- [Data for analysis]:
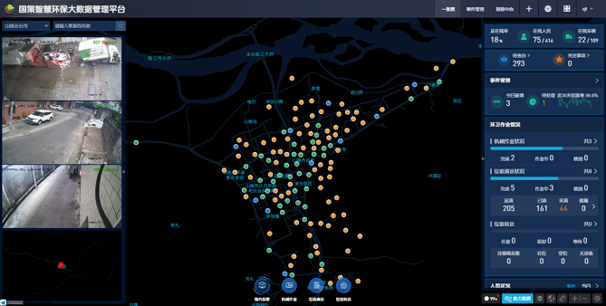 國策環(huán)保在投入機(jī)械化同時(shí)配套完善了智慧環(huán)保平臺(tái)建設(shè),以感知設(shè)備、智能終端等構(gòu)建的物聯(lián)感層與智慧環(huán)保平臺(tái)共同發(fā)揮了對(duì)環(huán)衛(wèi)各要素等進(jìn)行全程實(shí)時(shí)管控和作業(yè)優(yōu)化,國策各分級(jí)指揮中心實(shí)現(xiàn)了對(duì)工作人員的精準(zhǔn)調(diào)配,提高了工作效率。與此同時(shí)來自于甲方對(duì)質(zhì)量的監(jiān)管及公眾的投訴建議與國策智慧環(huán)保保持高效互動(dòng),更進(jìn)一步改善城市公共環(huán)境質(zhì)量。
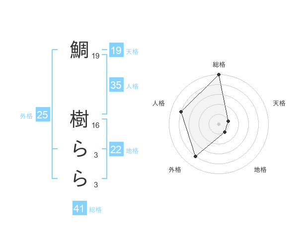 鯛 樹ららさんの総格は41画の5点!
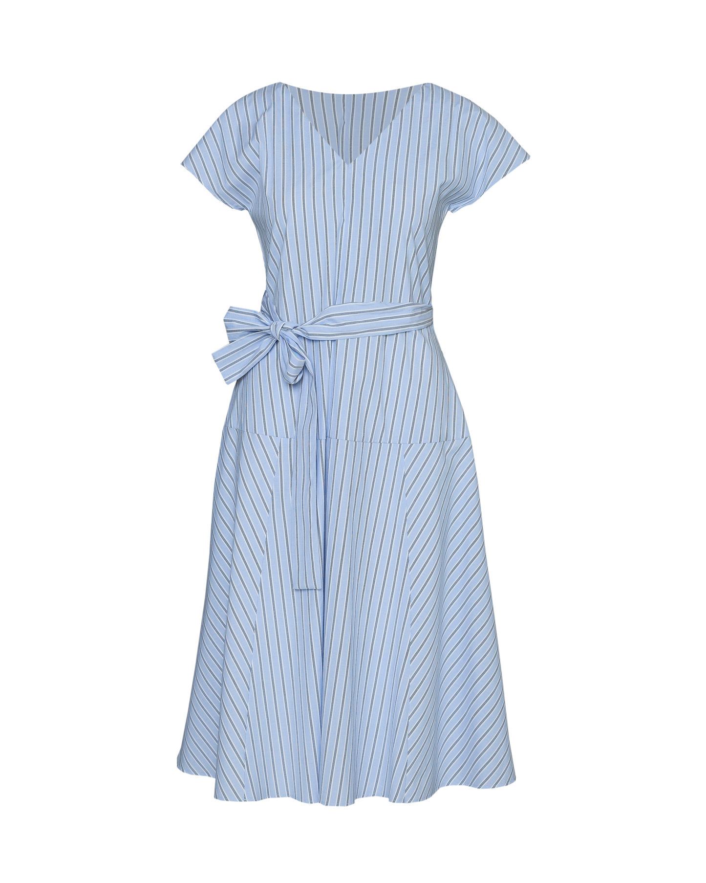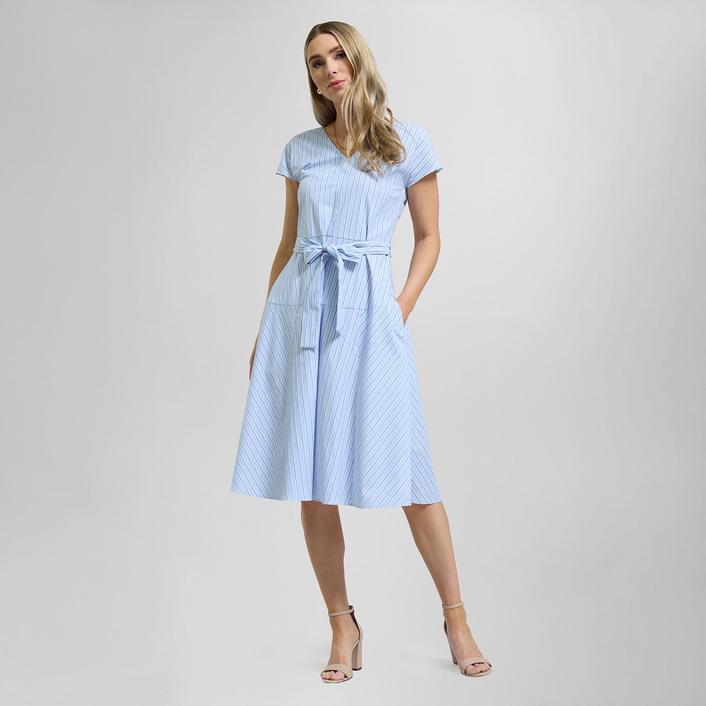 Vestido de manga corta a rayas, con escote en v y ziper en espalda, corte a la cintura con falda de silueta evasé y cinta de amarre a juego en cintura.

---

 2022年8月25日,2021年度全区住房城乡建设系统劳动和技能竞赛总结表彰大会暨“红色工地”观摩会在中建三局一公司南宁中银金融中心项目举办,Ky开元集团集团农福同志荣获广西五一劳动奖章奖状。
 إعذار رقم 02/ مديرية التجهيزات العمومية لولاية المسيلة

- [What to work on]: In the data above, take the line with "國策環(huán)保在投入機", the line with "Vestido de manga", and every line between, and set them down exactly without pictures.

- [Expected answer]:
 國策環(huán)保在投入機(jī)械化同時(shí)配套完善了智慧環(huán)保平臺(tái)建設(shè),以感知設(shè)備、智能終端等構(gòu)建的物聯(lián)感層與智慧環(huán)保平臺(tái)共同發(fā)揮了對(duì)環(huán)衛(wèi)各要素等進(jìn)行全程實(shí)時(shí)管控和作業(yè)優(yōu)化,國策各分級(jí)指揮中心實(shí)現(xiàn)了對(duì)工作人員的精準(zhǔn)調(diào)配,提高了工作效率。與此同時(shí)來自于甲方對(duì)質(zhì)量的監(jiān)管及公眾的投訴建議與國策智慧環(huán)保保持高效互動(dòng),更進(jìn)一步改善城市公共環(huán)境質(zhì)量。
 鯛 樹ららさんの総格は41画の5点!
 Vestido de manga corta a rayas, con escote en v y ziper en espalda, corte a la cintura con falda de silueta evasé y cinta de amarre a juego en cintura.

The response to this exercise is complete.